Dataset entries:
***

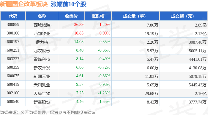 证券之星消息,12月16日新疆国企改革板块较上一交易日下跌2.73%,西部黄金领跌。当日上证指数报收于3824.81,下跌1.11%。深证成指报收于12914.67,下跌1.51%。新疆国企改革板块个股涨跌见下表:
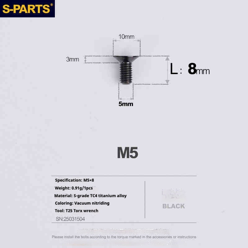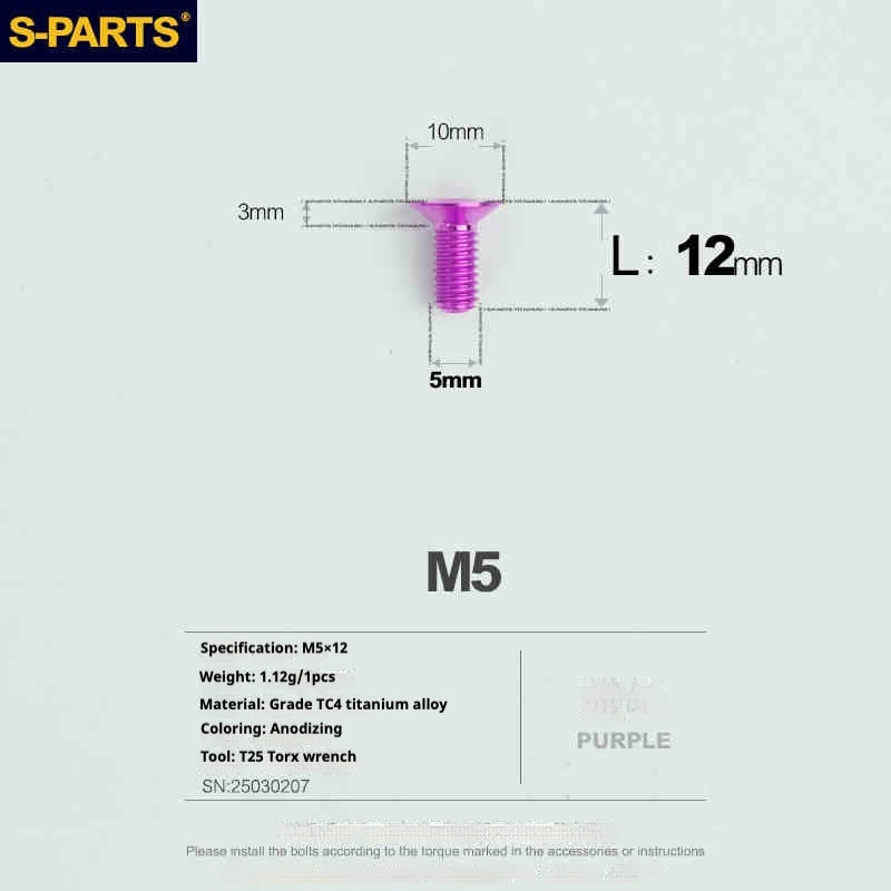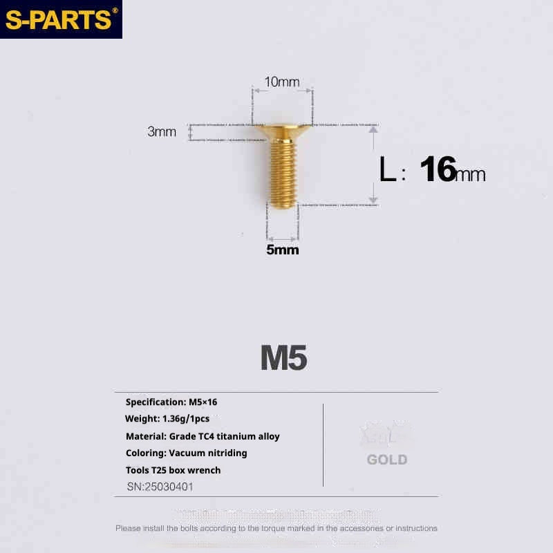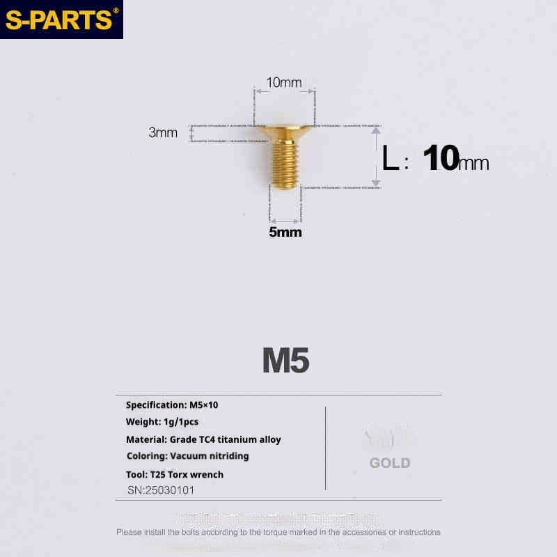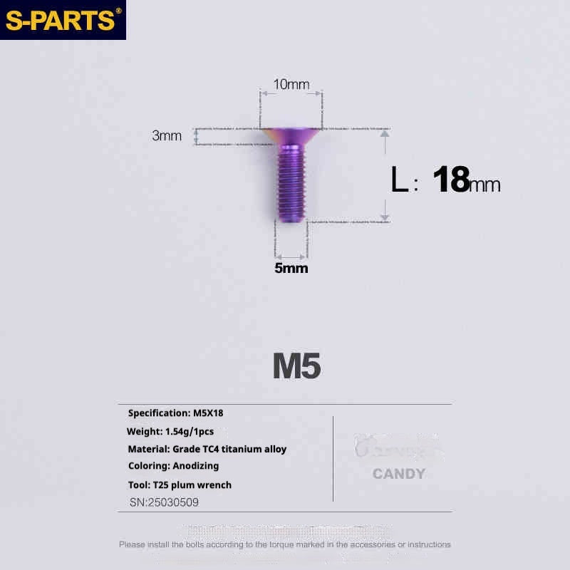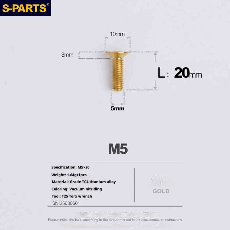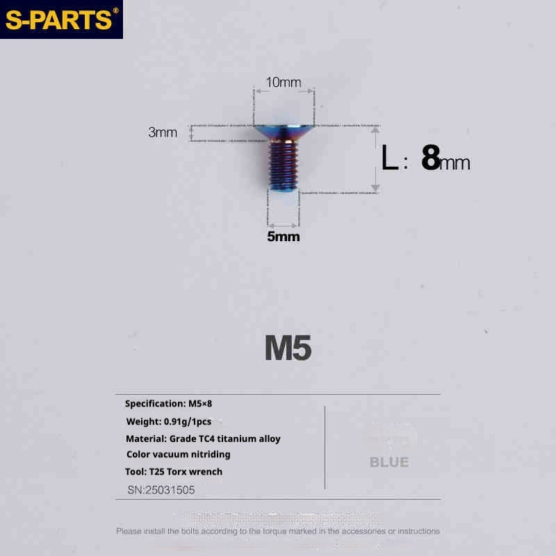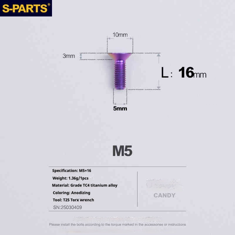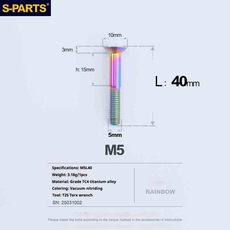 Introducing the SPARTS Countersunk Head Series M5 L06-55mm Titanium Screws, a premium choice for cyclists who demand strength, precision, and performance from every component. Available in a range of vibrant colors, including Gold, Rainbow, Titanium Black, Blue, Candy, Green, and Purple, these screws are enhanced with Anodizing Vacuum Nitriding technology for superior durability and a striking finish.
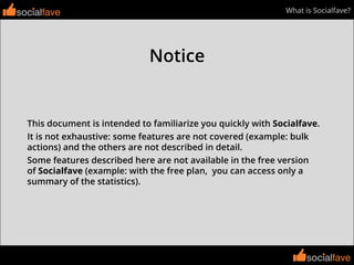 The document provides an overview of the Socialfave application, a web tool designed for managing and analyzing Twitter profiles through four main modules: tweets, community, scheduler, and public profile. Users can filter and analyze tweets, manage community interactions, schedule tweets, and publish selected tweets on a public profile. It is noted that not all features are available in the free version of the software, and the document is intended to give a quick introduction rather than a comprehensive guide.
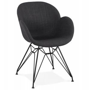 Image de Alter Ego Chaise design 'PLANET' en tissu gris foncé avec pieds en métal noir
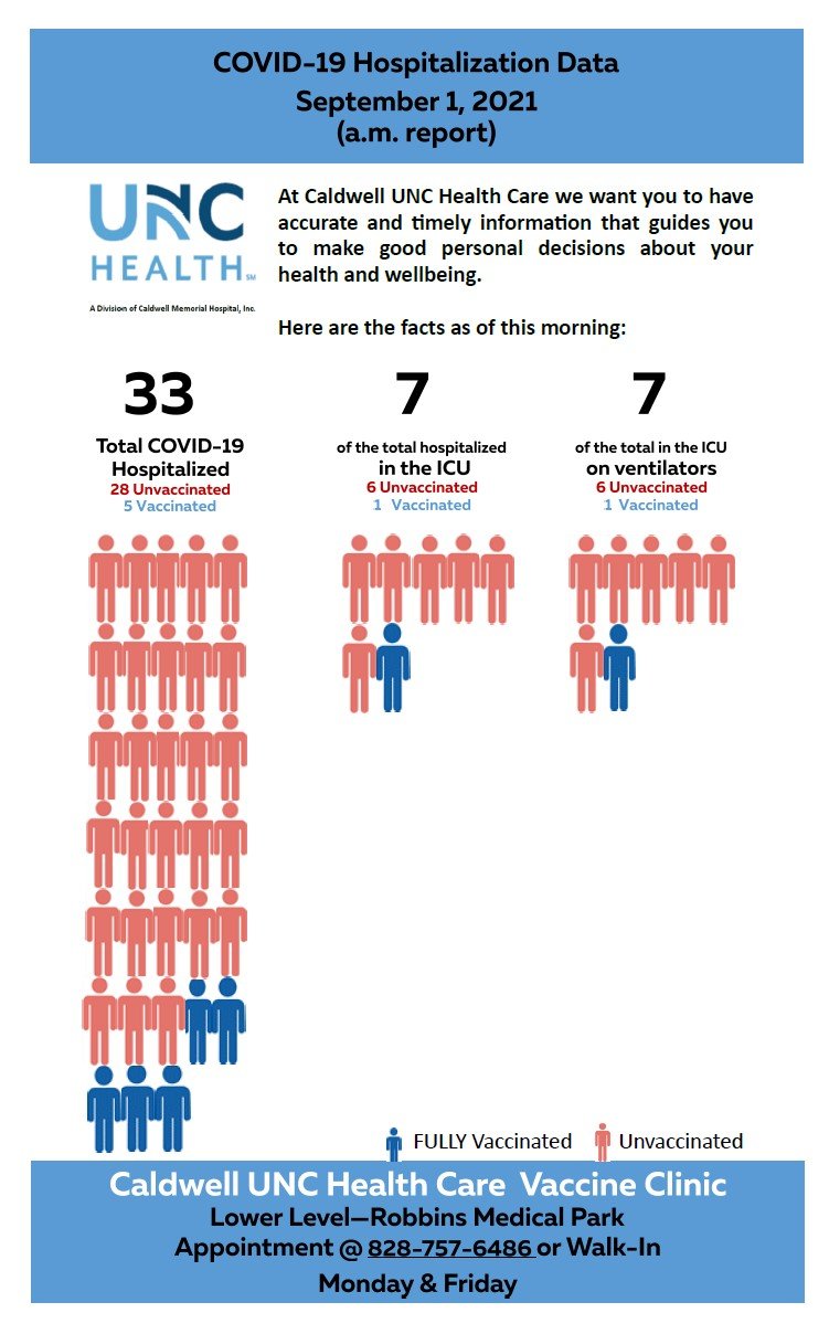 LENOIR, NC (September 1, 2021) — Here is the COVID-19 Update for Wednesday, September 1, 2021. The Caldwell County Health Department provides updates on Monday and Wednesday. The North Carolina Department of Health and Human Resources provides updates Monday thru Friday.
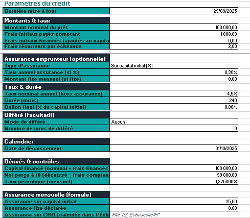 Contrôlez les dérivés (capital financé, net perçu, taux mensuel) et 02_Echeancier (CRD, intérêts, assurance, frais).
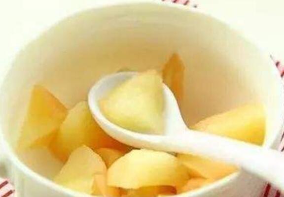 2、蒸苹果水的时候还可以给他搭配其他的水果,具体做法是准备一个苹果和一个雪梨,把苹果和雪梨全部洗净以后消掉果皮,取消果肉,切成块状放在大点的盖碗中,然后放入适量冰糖调匀后入锅隔水蒸,开锅后继续蒸20分钟,蒸好后取出降温,就能得到蒸好苹果水。

***

** THE PROBLEM **
The copy must start at the line containing "Introducing the SPARTS" and end at the last line of the data, matching each line exactly. It must hold no pictures.

** ANSWER FOR THIS EXERCISE **
 Introducing the SPARTS Countersunk Head Series M5 L06-55mm Titanium Screws, a premium choice for cyclists who demand strength, precision, and performance from every component. Available in a range of vibrant colors, including Gold, Rainbow, Titanium Black, Blue, Candy, Green, and Purple, these screws are enhanced with Anodizing Vacuum Nitriding technology for superior durability and a striking finish.
 The document provides an overview of the Socialfave application, a web tool designed for managing and analyzing Twitter profiles through four main modules: tweets, community, scheduler, and public profile. Users can filter and analyze tweets, manage community interactions, schedule tweets, and publish selected tweets on a public profile. It is noted that not all features are available in the free version of the software, and the document is intended to give a quick introduction rather than a comprehensive guide.
 Image de Alter Ego Chaise design 'PLANET' en tissu gris foncé avec pieds en métal noir
 LENOIR, NC (September 1, 2021) — Here is the COVID-19 Update for Wednesday, September 1, 2021. The Caldwell County Health Department provides updates on Monday and Wednesday. The North Carolina Department of Health and Human Resources provides updates Monday thru Friday.
 Contrôlez les dérivés (capital financé, net perçu, taux mensuel) et 02_Echeancier (CRD, intérêts, assurance, frais).
 2、蒸苹果水的时候还可以给他搭配其他的水果,具体做法是准备一个苹果和一个雪梨,把苹果和雪梨全部洗净以后消掉果皮,取消果肉,切成块状放在大点的盖碗中,然后放入适量冰糖调匀后入锅隔水蒸,开锅后继续蒸20分钟,蒸好后取出降温,就能得到蒸好苹果水。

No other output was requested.